→ Exercise directions
Leaving out all pictures, reproduce the entries below exactly, from the first line through the line that contains "Protocolos são válidos".

Top of Task material

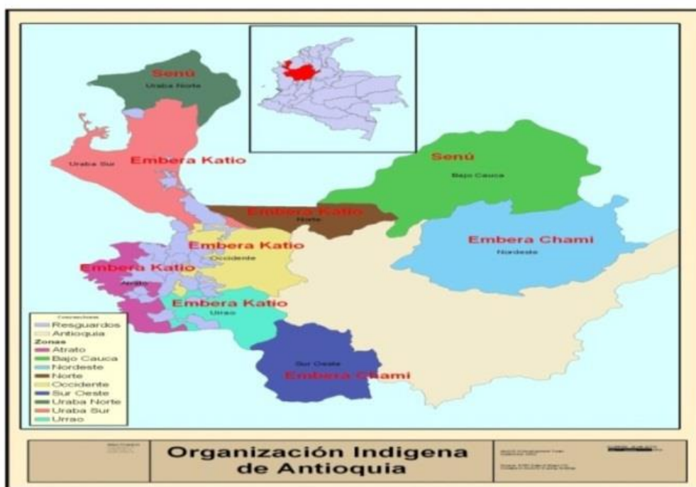
Figura 2. Mapa ubicación pueblos indígenas de Antioquia.
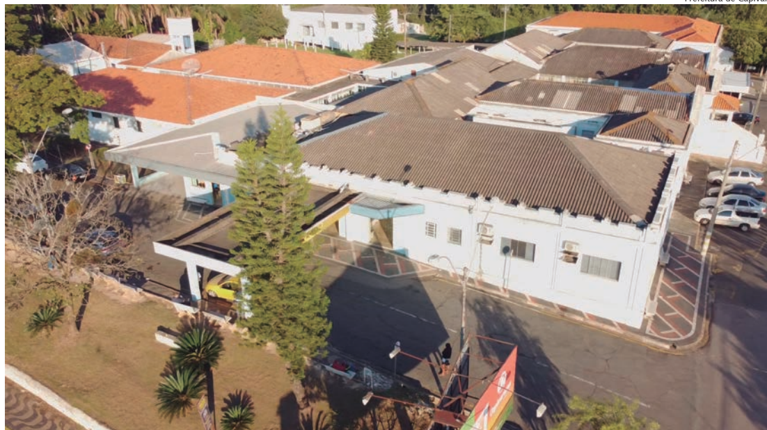
Protocolos são válidos para visitas de pacientes em internações clínicas, na UTI ou maternidade

Para mais informações, a Santa Casa está localizada na Praça Dr. Mário Dias de Aguiar, no bairro Vila do Carmo, e atende pelo telefone (19) 3491-9191.
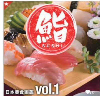
<ニッポン美食図鑑>
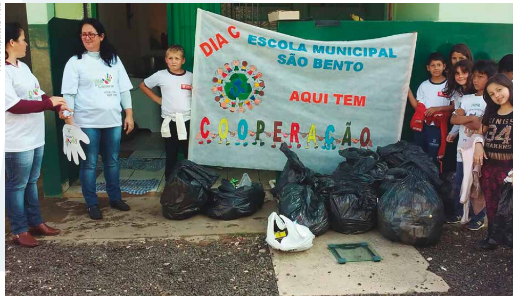
Conscientização promovida pelo projeto da Escola Municipal São Bento, apoiado pela Frísia, contribuiu para a implantação de coleta seletiva em distrito de Tibagi

Além de trabalhar na arrecadação de alimentos, a Copagrill promoveu uma ação de prevenção ao diabetes e hipertensão arterial, incentivou o desenvolvimento sustentável e estimulou a conservação
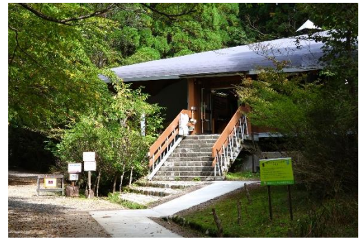
管理センター外観
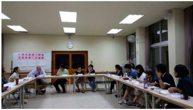
圖說：新任財務委員報告。
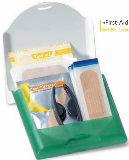
»First-Aid« Art.Nr. 1550
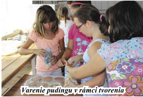
Varenie pudingu v rámci tvorenia

Predstavte si horúce letné ráno, prázdniny, čas keď väčšina detí ešte spí, alebo sa chystá tráviť čas pri vode či počítači. Len skupinka detí sa ponáhľa do kultúrneho domu, aby hrou, zážitkovou formou rozvíjala svoju kreativitu v duchu hesla: Každý človek môže byť tvorivý. Neexistuje netvorivý človek.
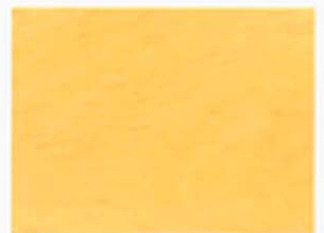
Pastellorange Nr. 930-18

Die Farbkarte ist im Druckverfahren hergestellt; gegenüber den Originalfarbtönen sind daher geringe Farbabweichungen möglich. Die Farbtöne wirken außerdem je nach Holzuntergrund, auf den sie aufgetragen werden, unterschiedlich und können durch den Einsatz natürlicher Rohstoffe leicht variieren. Aus diesen Gründen können wir keine Farbtonreklamationen anerkennen. Wir empfehlen, Probestflächen anzulegen, und achten Sie beim Kauf mehrerer Gebinde eines Farbtones darauf, daß sie die gleiche Chargennummer tragen. Zur Verarbeitung beachten Sie bitte unser Technisches Merkblatt Nr. 930.
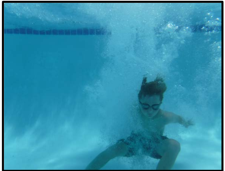
“Burbujas” by Mitra Marchuk
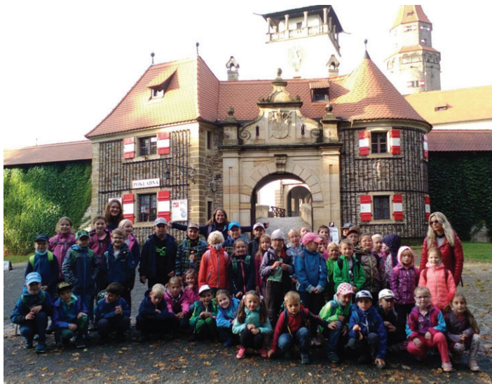
Školní družina na Bouzově

lektorů ÚEV Mladoňov. V rámci tzv. školního preventivního programu proběhly v sedmých a osmých třídách besedy na téma Jak přežít s rodiči, Rizika v kyberprostoru, Skrytá nebezpečí internetu a Moc slov. Sympatickým zpestřením pak byly workshopy, kdy žáci anglicky konverzovali s rodilými mluvčími.
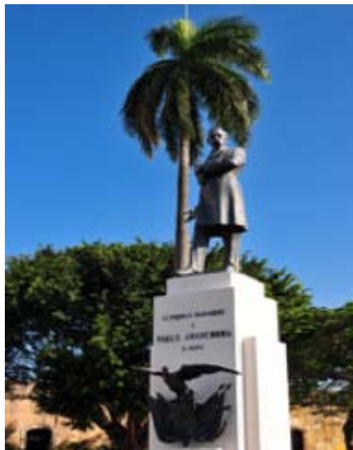
Estatua de Pablo Arosemena Las Bóvedas en la Plaza de Francia del Casco Antiguo o Casco Viejo de la Ciudad de Panamá
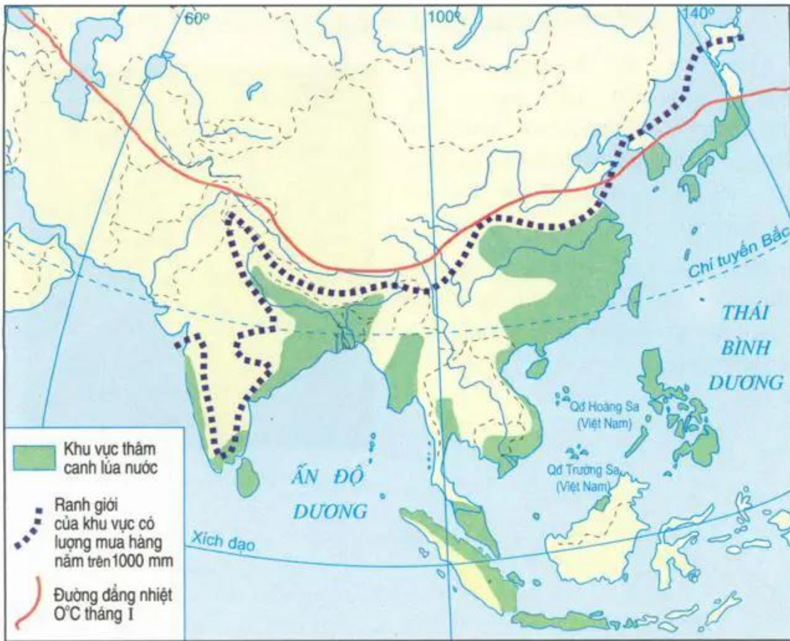
Hình 8.4 - Lược đồ những khu vực thâm canh lúa nước ở châu Á

Thâm canh lúa cho phép tăng vụ, tăng năng suất, nhờ đó sản lượng cũng tăng lên. Chăn nuôi gia súc, gia cầm cũng có điều kiện phát triển. Tuy nhiên, vì dân số đông và thời tiết thất thường nên một số nước vẫn lâm vào tình trạng thiếu lương thực.
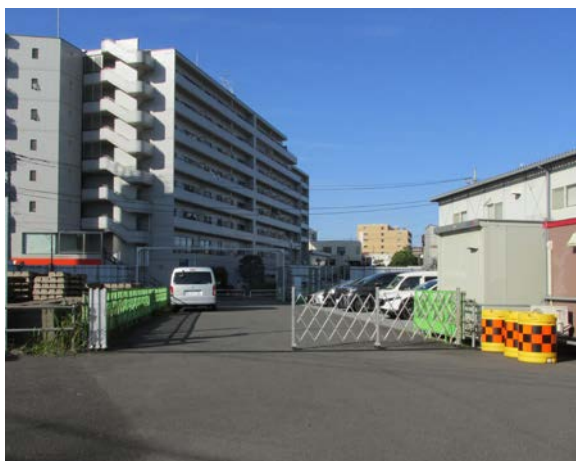
3 (旧) 竹の塚保健総合センター
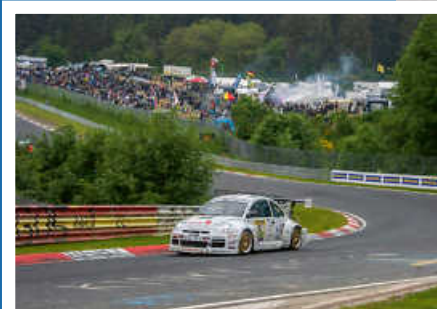
> Beetle RSR #13 in der Grünen Hölle
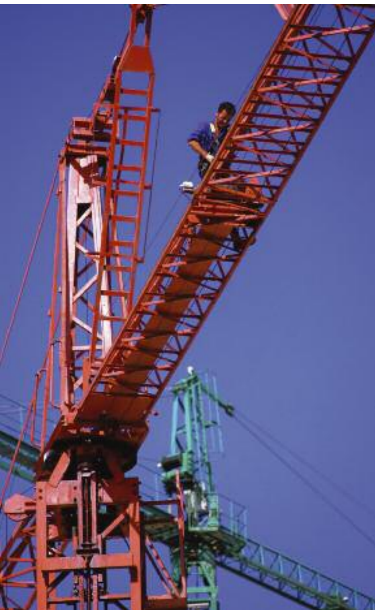
Quer durch alle Marktbereiche wissen die Kunden, dass sie von Perkins nicht nur einfach einen Motor erwerben - es ist vielmehr eine komplette Antriebslösung, die Fachleute auf die jeweiligen Gegebenheiten genau abgestimmt haben

Da Perkins sich auf die Produktion von Motoren konzentriert und keine kompletten Maschinen baut, ist eine umfassende Palette von Antriebslösungen entwickelt worden, um so den Anforderungen eines sich ständig ändernden Marktes gerecht zu werden. Den heutzutage auf drei Kontinenten von Perkins-Fachleuten produzierten Motorlösungen vertrauen über 1000 führende Hersteller in allen Industriezweigen.

Bottom of Task material

→ Result of this exercise
Figura 2. Mapa ubicación pueblos indígenas de Antioquia.
Protocolos são válidos para visitas de pacientes em internações clínicas, na UTI ou maternidade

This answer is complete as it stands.